Le rôle des facteurs nutritionnels soulève un grand intérêt pour la prévention de la cataracte et de la DMLA, alors que le glaucome ne semble pas fortement lié à l’alimentation. Les principaux facteurs de risque connus sont, pour la cataracte, le tabagisme, le diabète, l’utilisation de corticoïdes oraux et l’exposition aux ultraviolets (Asbell, Dualan et al., 2005); pour la DMLA, il s’agit du tabagisme (Thornton, Edwards et al., 2005) et du polymorphisme du gène du Complement Factor H (impliqué dans l’immunité innée) et de l’apolipolipoprotéine E (impliqué dans le métabolisme lipidique) (Haddad, Chen et al., 2006). L’intérêt pour la nutrition en ophtalmologie est récent et a été décuplé par la publication en 2001 des résultats d’un grand essai randomisé, démontrant l’efficacité de la supplémentation en antioxydants vis-à-vis de la prévention de la DMLA (Areds, 2001). Les fruits et légumes pourraient ainsi avoir un rôle important dans la prévention de la cataracte et de la DMLA, au travers de deux mécanismes principaux : un effet antioxydant global (notamment apports en vitamines C et E), et un effet passant par les apports en caroténoïdes. En effet, l’œil accumule spécifiquement deux caroténoïdes, la lutéine et la zéaxanthine (qui sont isomères), à l’exclusion des autres caroténoïdes présents dans le plasma (alpha- et béta-carotène, lycopène, béta-cryptoxanthine). La lutéine et la zéaxanthine sont présentes à très fortes concentrations dans la partie centrale de la rétine, où elles forment le pigment maculaire, qui a donné son nom à cette zone de la rétine (macula lutea : tache jaune). Le rôle du pigment maculaire est de filtrer physiquement la lumière bleue (qui a des effets toxiques sur la rétine au travers de réactions photochimiques entraînant la production d’un stress oxydant) ainsi qu’un effet directement antioxydant, comme tous les caroténoïdes (Whitehead, Mares et al., 2006). La lutéine et la zéaxanthine sont également les deux seuls caroténoïdes présents dans le cristallin, où elles pourraient avoir un rôle similaire (Bernstein, Khachik et al., 2001). La lutéine et la zéaxanthine proviennent uniquement de l’alimentation, et principalement de la consommation de légumes verts à feuille (épinards, chou frisé, etc.). Un effet préventif de l’apport en fruits et légumes est actuellement supposé pour la DMLA et la cataracte, bien que les données épidémiologiques et interventionnelles restent limitées dans ce domaine.
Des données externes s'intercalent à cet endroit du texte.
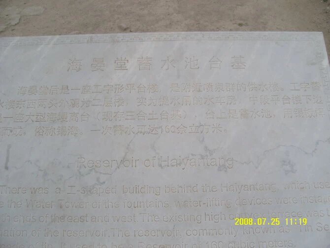 伫立“大水法”废墟前,我知道这就是历史书上那幅圆明园照片,这就是圆明园的代表性建筑了。看着站上废墟张臂留影的青年,我心里没有兴奋,而是在隐隐作痛……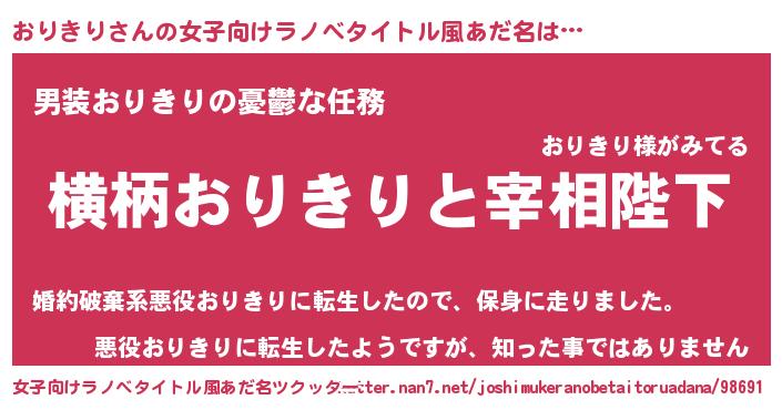 | 胡散臭い通販商品みたいなあだ名 | 『あなたにだけ特別に提供する世界で10本だけ現存している希少なブランデー…その名も「おりきり」』 |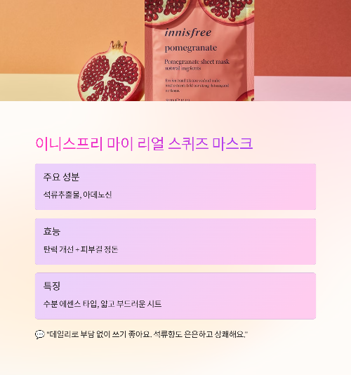 | 이니스프리 석류 | 석류추출물 | 탄력 + 생기 | 얇은 시트 | 데일리용 |

1.6.1. Données épidémiologiques

L’épidémiologie des maladies oculaires est une discipline assez récente. L’intérêt pour le rôle des facteurs nutritionnels étant encore plus récent, il existe encore relativement peu d’études au niveau mondial sur ce sujet. Elles sont pour l’essentiel anglo-saxonnes (Etats-Unis et Australie). Les résultats

obtenus ne sont donc pas toujours aisément extrapolables aux populations européennes, en raison d’habitudes alimentaires différentes, et en particulier d’une utilisation bien inférieure de compléments alimentaires. De plus, il existe encore peu de données provenant d’études prospectives, seules à même de démontrer que les habitudes alimentaires ont bien précédé l’apparition de la maladies, et d’éliminer la possibilité que les habitudes alimentaires soient le reflet de changements dus à la maladie elle-même. Ces aspects sont cependant un peu moins déterminants dans le cas des maladies oculaires que pour d’autres pathologies. En effet, les maladies oculaires entraînent moins de changement de comportement que d’autres pathologies plus sévères (cancer, déficits cognitifs) et n’entraînaient pas, jusqu’à très récemment, de recommandations diététiques pouvant biaiser les estimations (comme pour les maladies cardiovasculaires ou le diabète). Les études prospectives restent cependant plus fiables, bien que souvent associées à une faible puissance statistique due au faible nombre des cas incidents, ceci pouvant expliquer l’absence d’association souvent observée dans ces études.